### DATA PROVIDED:
= Beginning of Section =

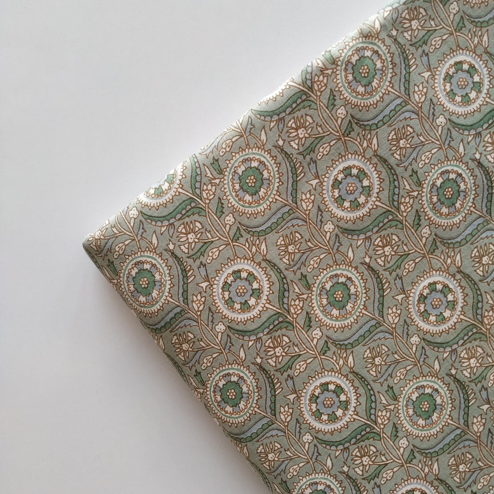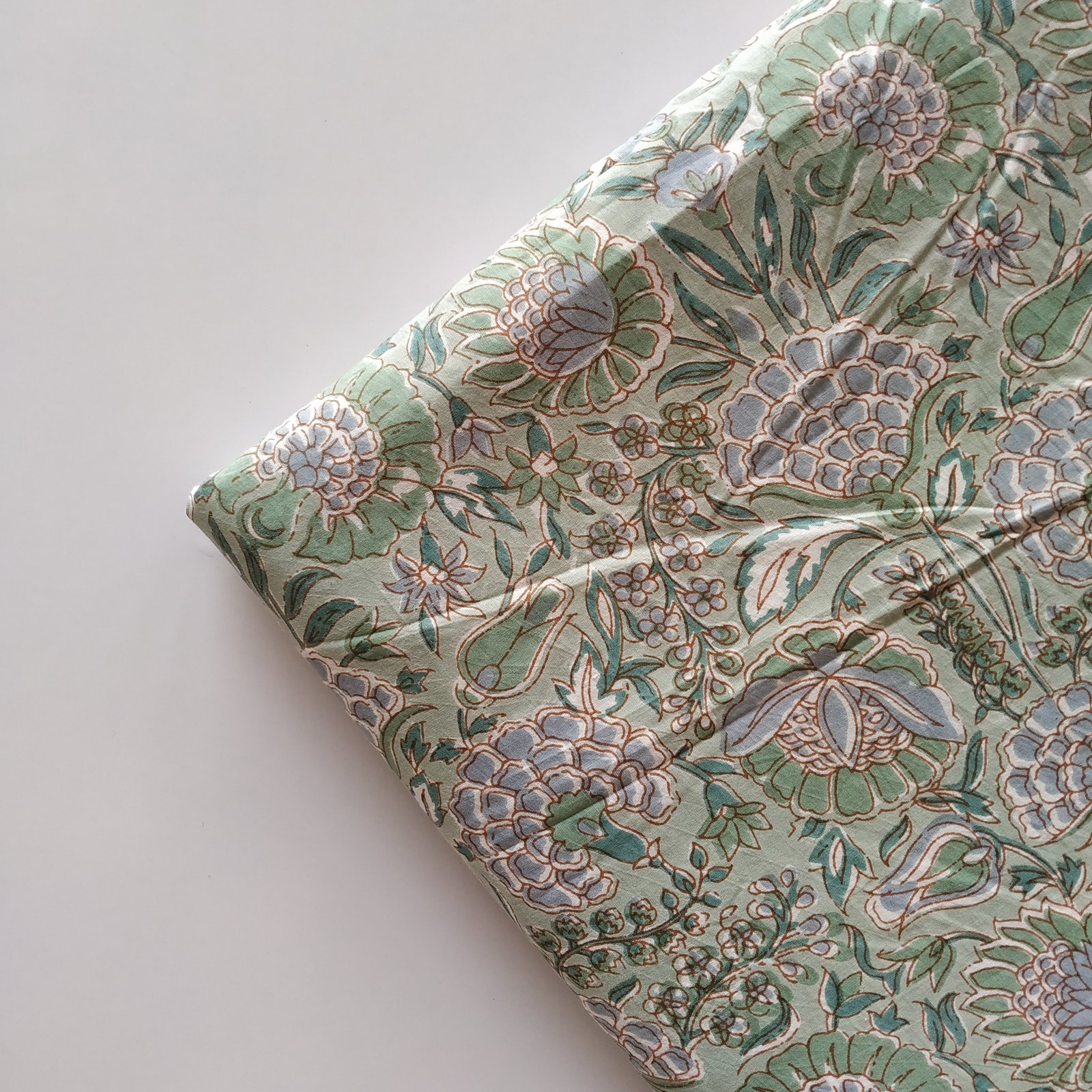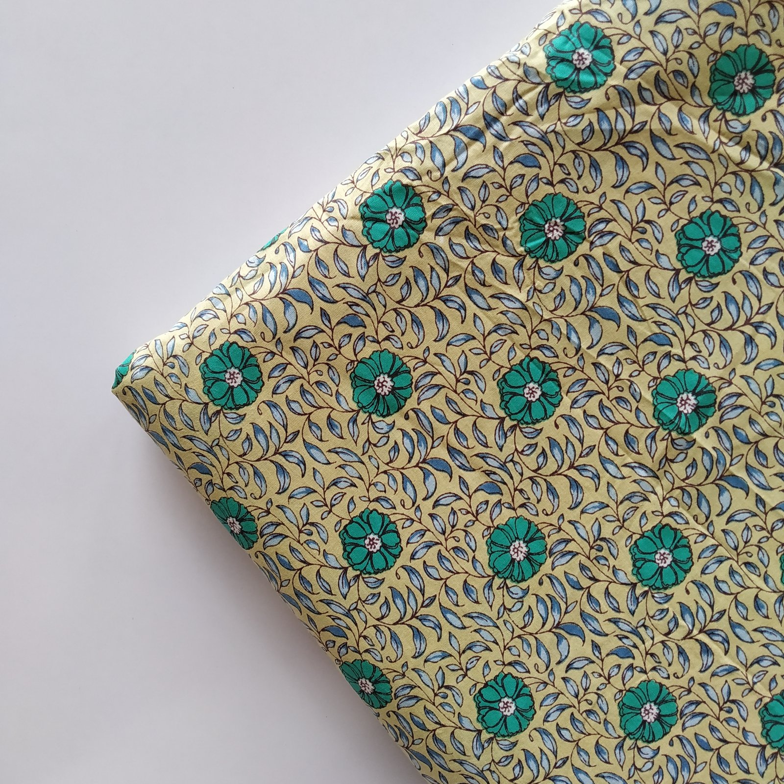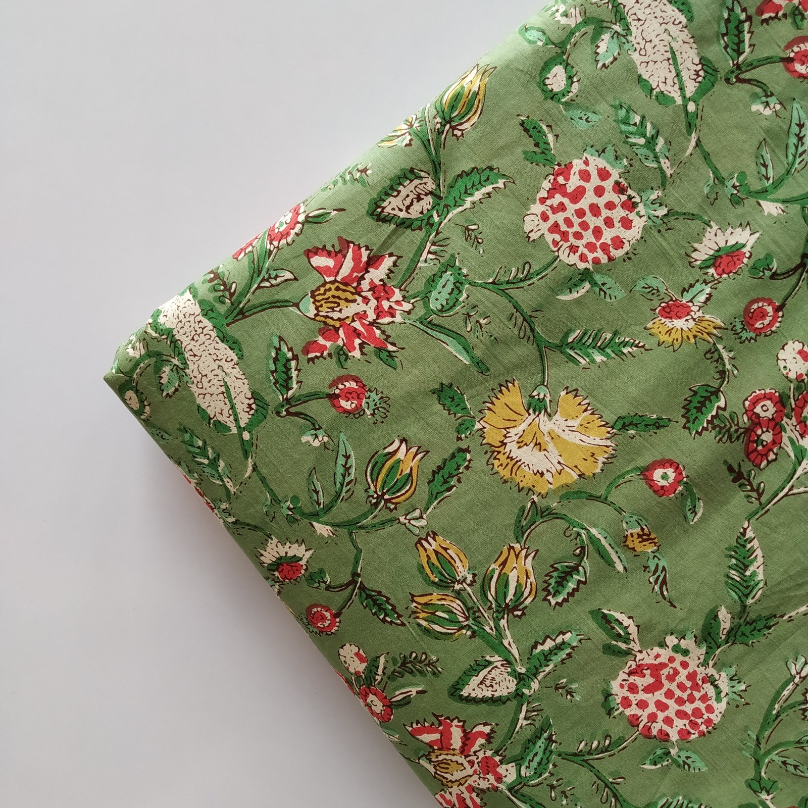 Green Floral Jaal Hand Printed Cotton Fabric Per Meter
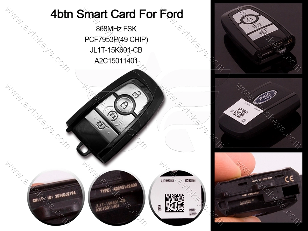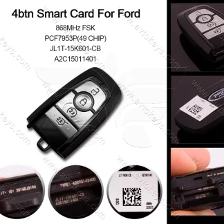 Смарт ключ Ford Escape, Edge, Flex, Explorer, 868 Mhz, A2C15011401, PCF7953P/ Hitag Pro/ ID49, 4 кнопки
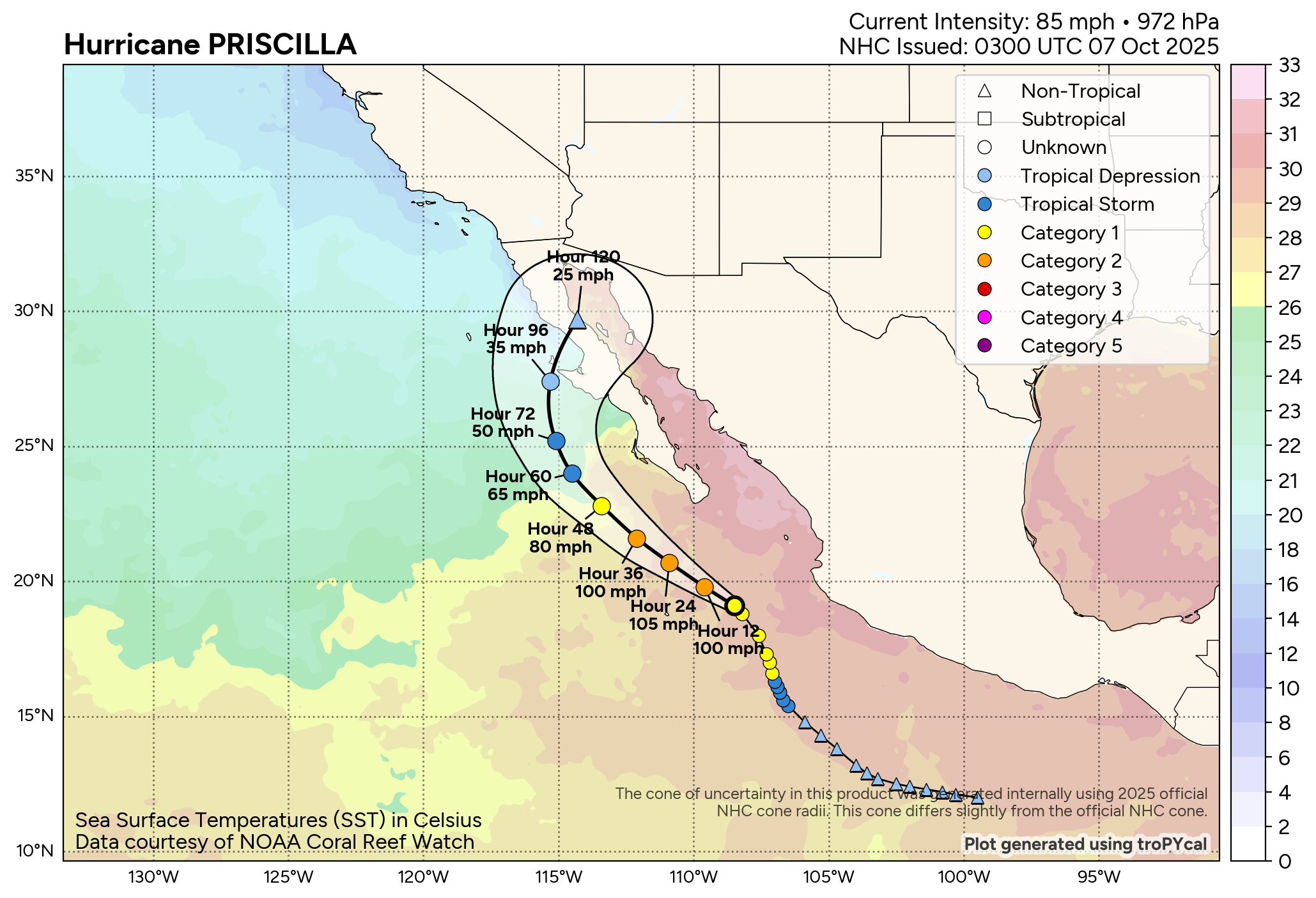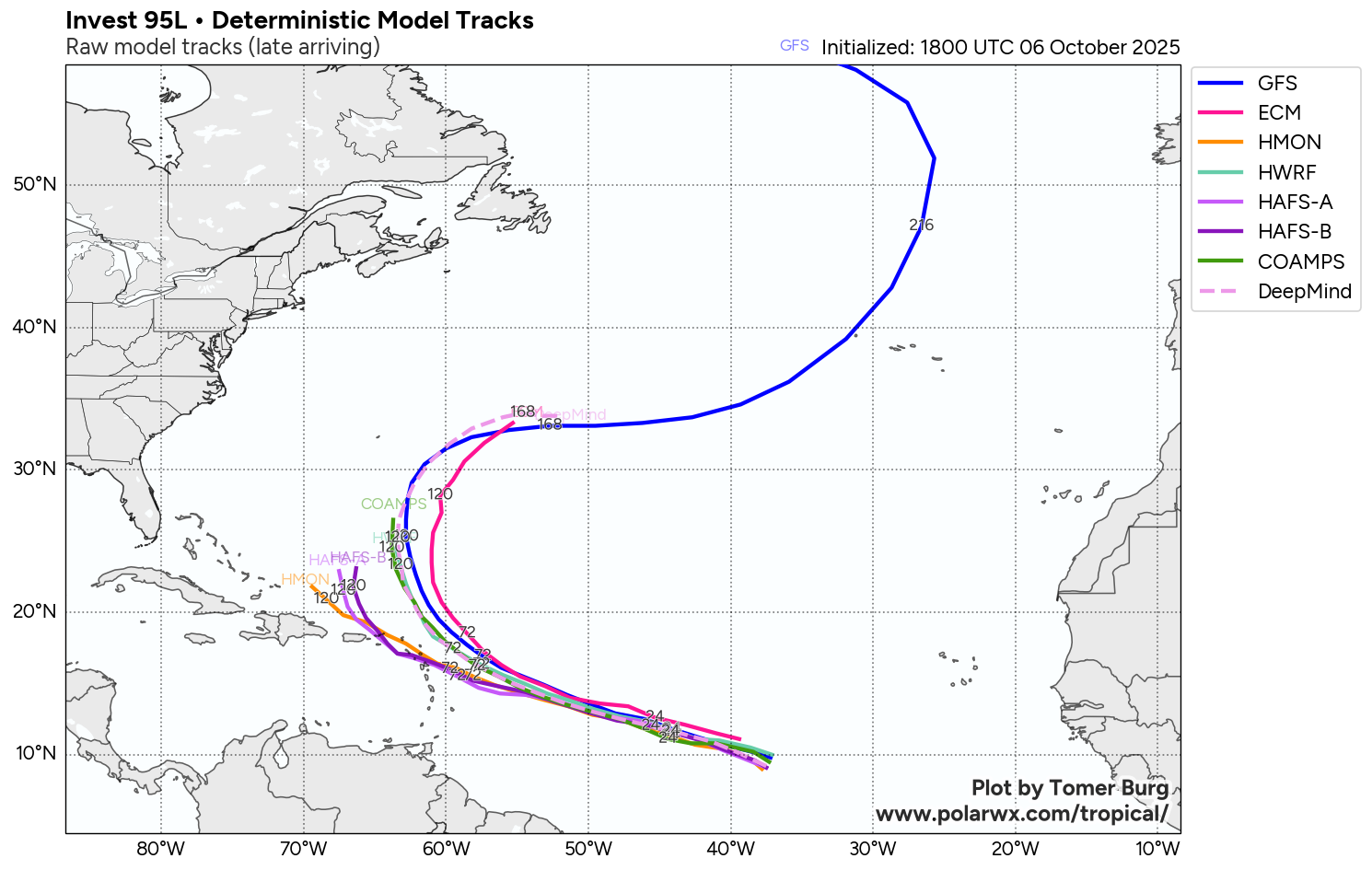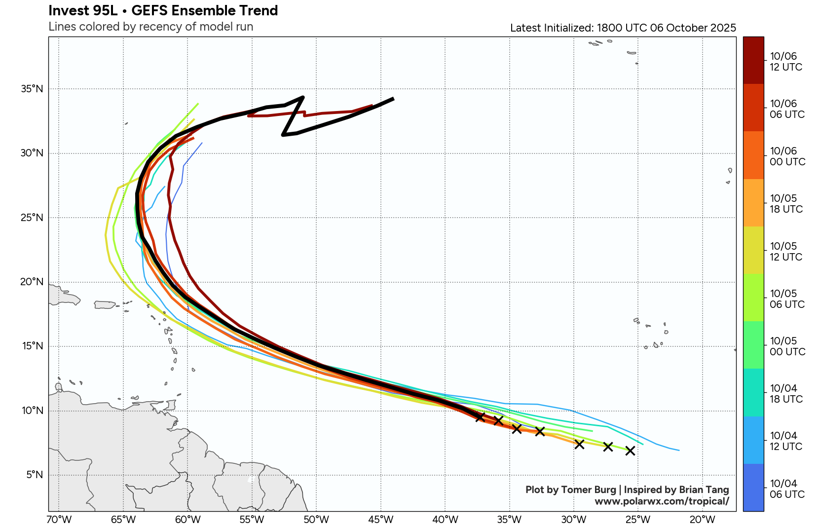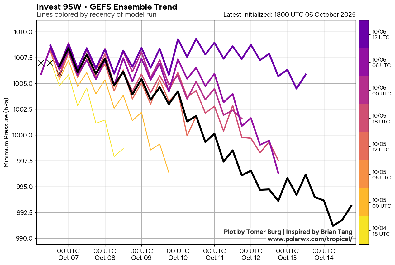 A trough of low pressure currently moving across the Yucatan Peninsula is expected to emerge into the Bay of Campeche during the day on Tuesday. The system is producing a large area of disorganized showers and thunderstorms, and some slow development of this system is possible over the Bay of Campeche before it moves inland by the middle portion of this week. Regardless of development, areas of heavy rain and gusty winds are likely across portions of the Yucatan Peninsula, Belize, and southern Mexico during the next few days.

= End of Section =

### YOUR OBJECTIVE:
Everything in the listing should be repeated exactly except the pictures.

### ANSWER AREA:
 Green Floral Jaal Hand Printed Cotton Fabric Per Meter
 Смарт ключ Ford Escape, Edge, Flex, Explorer, 868 Mhz, A2C15011401, PCF7953P/ Hitag Pro/ ID49, 4 кнопки
 A trough of low pressure currently moving across the Yucatan Peninsula is expected to emerge into the Bay of Campeche during the day on Tuesday. The system is producing a large area of disorganized showers and thunderstorms, and some slow development of this system is possible over the Bay of Campeche before it moves inland by the middle portion of this week. Regardless of development, areas of heavy rain and gusty winds are likely across portions of the Yucatan Peninsula, Belize, and southern Mexico during the next few days.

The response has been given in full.